The recursion that makes it feel magical
If the runtime can read markdown skills, and the agent can write markdown, you have a self-extending system for free. This is the part that made me sit up.
A real exchange (paraphrased from the docs):
USER > Make me a morning briefing every day at 7:30
with weather, calendar, and unread important emails.
AGENT > Drafting a skill: morning-briefing.
AGENT > [writes ~/.openclaw/skills/morning-briefing/]
AGENT > [registers cron 07:30 * * * via Gateway]
AGENT > Hot-reloaded. First run tomorrow at 07:30.
The first generation of plugins required a developer, a manifest, and a redeploy. Skills are folders the agent itself can author at runtime. The skill set grows whenever you ask for something new — without a code change.
This is the architectural decision that earns the "iPhone moment" comparisons. Most products grow because a team ships features. OpenClaw grows because its users talk to it.
End-to-end: a WhatsApp message, traced
Putting it all together, here's what happens when you message the agent on WhatsApp:
01 Inbound message WhatsApp
02 Adapter → Gateway WS ws://127.0.0.1:18789
03 Session resolution load SOUL/USER/MEMORY
04 LLM call Anthropic / OpenAI / local
05 Tool call dispatched browser.fetch + idempotency key
06 Node executes Playwright on Mac node
07 Result → continue loop tool_result back into context
08 Reply egress Baileys.sendMessage()
Eight steps, three processes, zero magic. The whole loop typically completes in 1–4 seconds depending on how chatty the model is and whether the tool call hits the network.
Six lessons worth stealing even if you never use OpenClaw
Even if you never deploy OpenClaw, these architectural decisions generalise:
- Daemon + clients over WebSocket. Many surfaces, one source of truth.
- Markdown as config and memory. Treat it as a first-class storage tier, not a workaround for not having a real DB.

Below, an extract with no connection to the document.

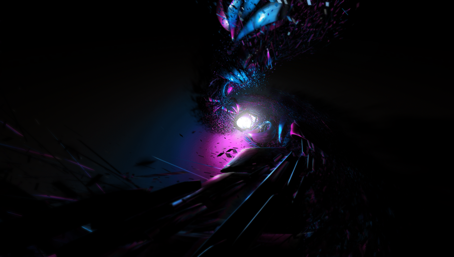 Description: A person is standing in the dark with a flashlight in their hand and a purple light in the background.

- Skills as folders. No plugin DSL, just
SKILL.md+ scripts. The model reads the doc and decides when to use it. - Self-extension. If your runtime reads markdown and your agent writes markdown, you get a self-extending system for free.
- Channels as adapters. Build the brain assuming a generic message bus. Bolt platforms onto it later.
- Idempotency keys on side-effecting calls. Required so retries on reconnect don't send the email three times. Unsexy but critical.
The honest part the marketing won't tell you
I want to be straight here, because I gave this same caveat slide internally:
Not a SaaS blueprint. OpenClaw is single-user. One Gateway, one human. The architecture isn't multi-tenant. Don't read it as a template for a hosted product.
The security surface is huge. Filesystem + shell + browser + 25 messaging channels + a community skill marketplace. If any one skill is malicious, it inherits all of those. Hundreds of malicious skills have been found on the community marketplace. The open marketplace is both the magic and the risk. The April 2026 release added manifest-driven plugin security partly in response to this.
Orchestration, not ML. The intelligence is rented. Anthropic / OpenAI / a local model do the thinking. OpenClaw's IP is the plumbing. That's a feature for learners — the architecture is fully legible — but be clear-eyed about where the value sits.
Pairing tokens are the whole game. New devices require explicit approval. A patched one-click RCE earlier this year leaked Gateway auth tokens via WebSocket — useful cautionary tale for why this layer matters and why you should keep up with releases.
Why this is the post I wanted to read first
When I started, I had to piece this picture together from a README, a docs site, three blog posts, and reading the gateway source. The thing I kept wanting was a single explainer that said here are the four layers, here's the message flow, here's why markdown, and here's what to be careful about.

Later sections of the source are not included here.